The public comment period runs from August 23 through September 21, 2010. Feel free to submit your comments in writing via mail or email by close of business September 21, 2010 to Frances Costanzi. Or attend our public meeting to comment on the proposed plan in person:
Thursday, September 2, 2010
Evansville Town Hall
235 Curtis Street
The majority of the cleanup work needed at this site has been completed. EPA’s preferred remedial alternative for Operable Unit 2 (OU2) addresses the remaining work needed to ensure protection of human health and the environment. The proposed remaining work necessary involves adding institutional controls to the two industrial properties.
Although the previous work on OU2 was conducted under Administrative Orders on Consent (AOCs) and overseen by EPA, a Record of Decision (ROD) was not written for OU2. EPA anticipates finalizing a ROD after this public comment period closes. The ROD will document the work that has been completed as well as identify the selected actions needed for future protectiveness.
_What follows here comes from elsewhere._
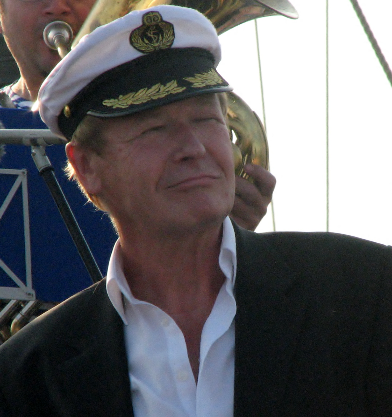 Väino Puura performing in Kuressaare Maritime Days

The Mystery Bridge site is located in Natrona County, northeast of Casper, Wyoming. A residential area comprises the majority of the site, and an industrial area where hazardous substances were used lies along the southern and western site boundary. The site is bordered to the north by the North Platte River and on the west by the former Little America Refining Company (LARCO) refinery, which is currently operated by Sinclair Refining under a RCRA permit (see WDEQ fact sheets in the Links section below). Mystery Bridge Road and the Brookhurst subdivision extend along much of the northern and eastern perimeters of the site. The site was listed on the National Priorities List (NPL) in 1990 after several removal actions and significant public input.
The two responsible parties are Kinder Morgan Energy Partners, L.P. (KMI), which own and operate a gas compression and transmission plant, and Dow Chemical Company/Dowell Schlumberger, Inc. (DOW/DSI), which operated an oil field services and truck washing facility, now closed. Two separate groundwater plumes emanated from the two facilities and flowed towards the Brookhurst subdivision and the North Platte River.
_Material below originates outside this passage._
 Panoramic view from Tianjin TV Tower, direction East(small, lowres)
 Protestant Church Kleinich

Two separate groundwater plumes were identified. One groundwater plume, which originated from the KMI property, contained benzene, ethylbenzene, toluene and xylene (BETX). The KMI plume has now met cleanup standards. The other groundwater plume originated from the DOW/DSI property and extended underneath part of the subdivision. The DOW/DSI plume is primarily composed of volatile halogenated organic compounds (VHOs) including perchloroethylene (PCE).
|Media Affected||Contaminants||Source of Contamination|
|groundwater, surface water, soil, liquid waste, sold waste, air||benzene, ethylbenzene, toluene, xylene (BETX), volatile halogenated organics (VHOs)||unlined waste pond at a natural gas processing facility, toluene storage area, a truck wash drain, abandoned sump at oil field service company site|
In response to citizen complaints, studies were started in 1986, which found VHOs in area drinking-water wells. Many homes in the Brookhurst subdivision were affected. The site was then proposed for the NPL in June 1988.
EPA initial response actions included connecting residents to the Evansville municipal water system. This work was completed in January 1989 under a removal action. The site was placed on the NPL in August 1990.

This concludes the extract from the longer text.